Welcome to the long awaited part 2 of the boba project. Originally I was hoping to complete the pipeline portion of the project immediately after “Part 1”, but my schedule filled up and caused a delay. Feel free to look at the raw code here.
Also, an important caveat is that while I have Tableau Desktop connected directly to BigQuery, since I don’t have a Tableau Server subscription, the only way to share the viz is through Tableau Public which doesnt allow server connections.
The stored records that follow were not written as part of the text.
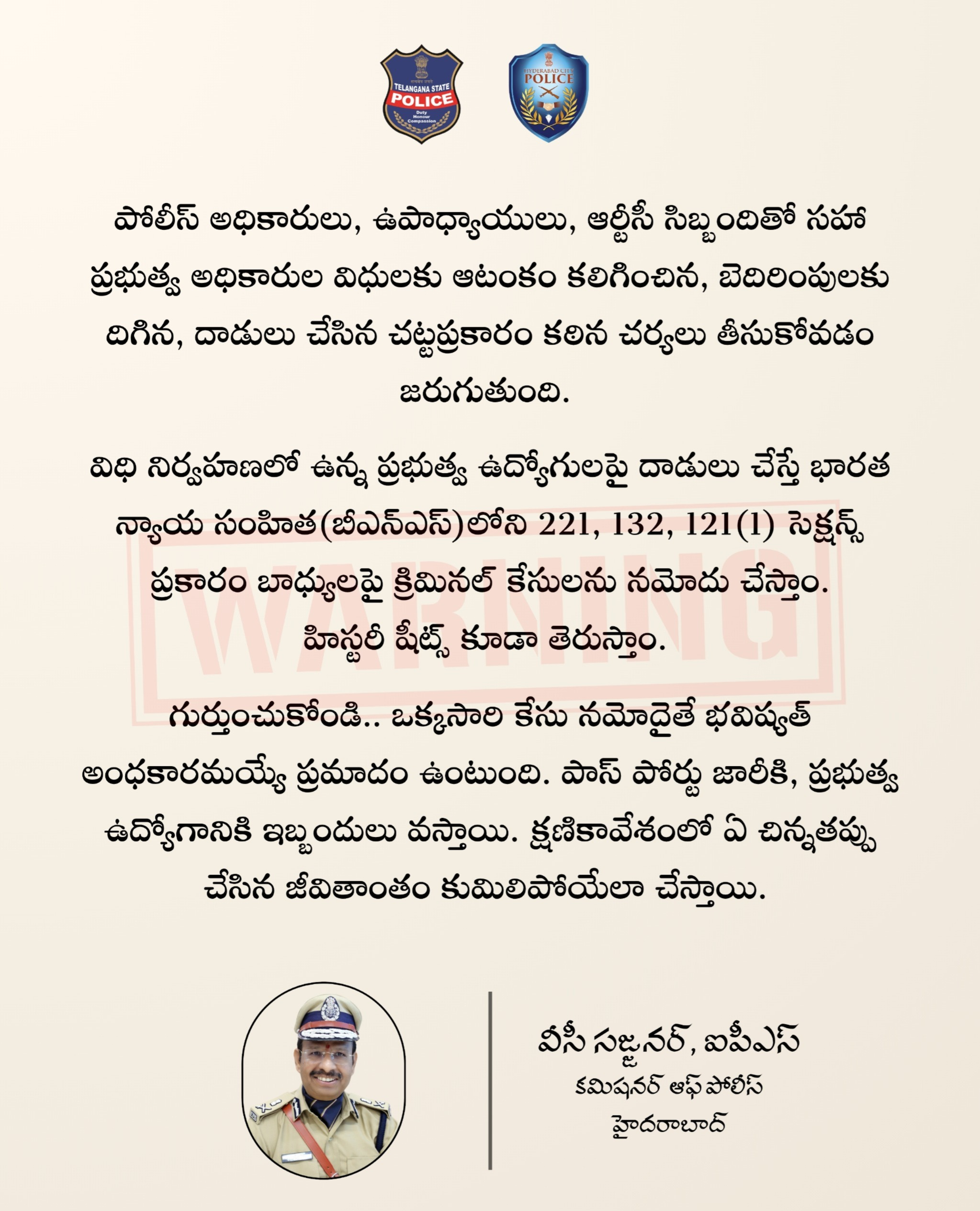 హైదరాబాద్ :  పోలీస్ అధికారులు, ఉపాధ్యాయులు, ఆర్టీసీ సిబ్బందితో సహా ప్రభుత్వ అధికారుల విధులకు ఆటంకం కలిగించిన, బెదిరింపులకు దిగిన, దాడులు చేసిన చట్టప్రకారం కఠిన చర్యలు తీసుకోవడం జరుగుతుంది.
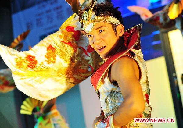 An artist dressed in traditional Japanese costume performs in Japan Industrial Pavilion at the World Expo Park in Shanghai, east China, Sept. 28, 2010. (Xinhua/Yang Guang)
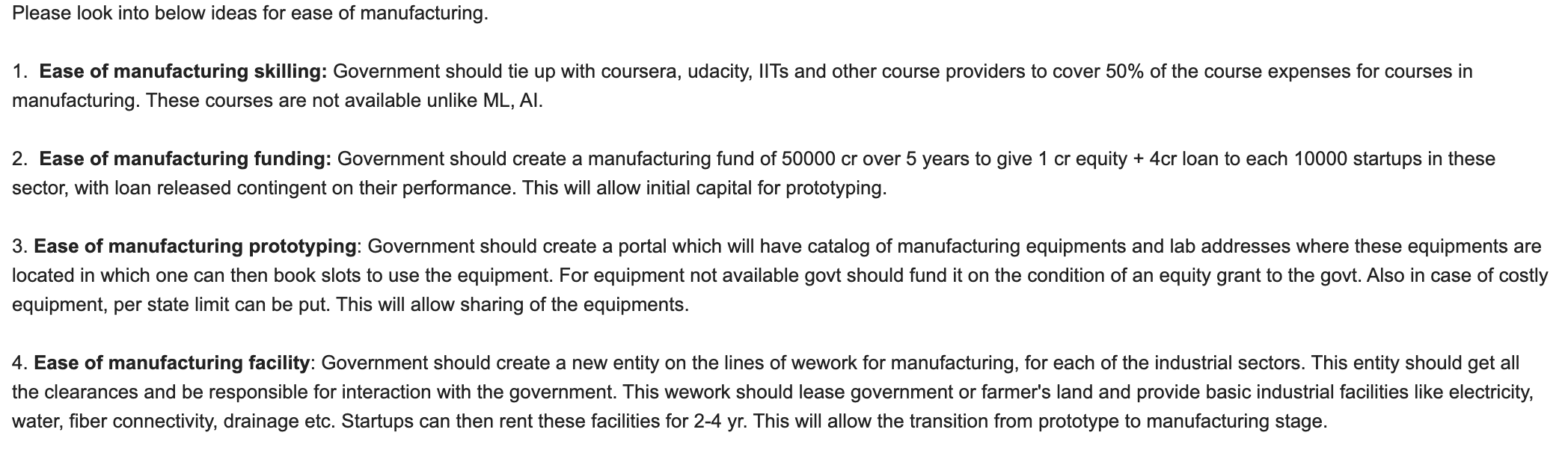 Ease of Manufacturing in India. Should cover below topics:

So that part of the pipeline will not be ‘live’ on the public facing end unfortunately.
Goals
To recap, the goal was to build a batch ETL pipeline as follows:
- Use Google pub/sub to schedule an event once a month
- A Google Cloud Function (GCF) triggered by a pub/sub topic will run, pulling the raw json data from Yelp and saving it to a Google Cloud Storage (GCS) bucket
- Another GCF will be triggered by the save and will clean and transform the data into a csv file, saving this to another GCS bucket
- This triggers a final GCF to take the saved csv and upload it to a table in BigQuery
- Tableau is linked to the BigQuery table and thus updates automatically
Process
I decided the best bet was to work backwards, so my first step was to make two GCFs: one that triggers on creation of a new file in the bucket “boba_bay_bucket_clean” and loads the file to the “clean_bay_boba” table in BigQuery, and one that does the same for the socal data. This took forever because it was my first time using GCF in any way, so it was all learn as you go, and quite frankly, the Goolge Cloud documentation isn’t that great. Eventually, I figured out how to use the bigquery module of the cloud library and everything fell into place from there. This site was a big help in figuring out the correct implementation. A key tip is that the function GCF calls (hello_gcs by default) must accept a data payload and a context payload (which is metadata). The data payload (or whatever you name it) is then used to get things like bucket, file name, etc. The payloads don’t have to be used, but the function must accept both as arguments or else it wil crash.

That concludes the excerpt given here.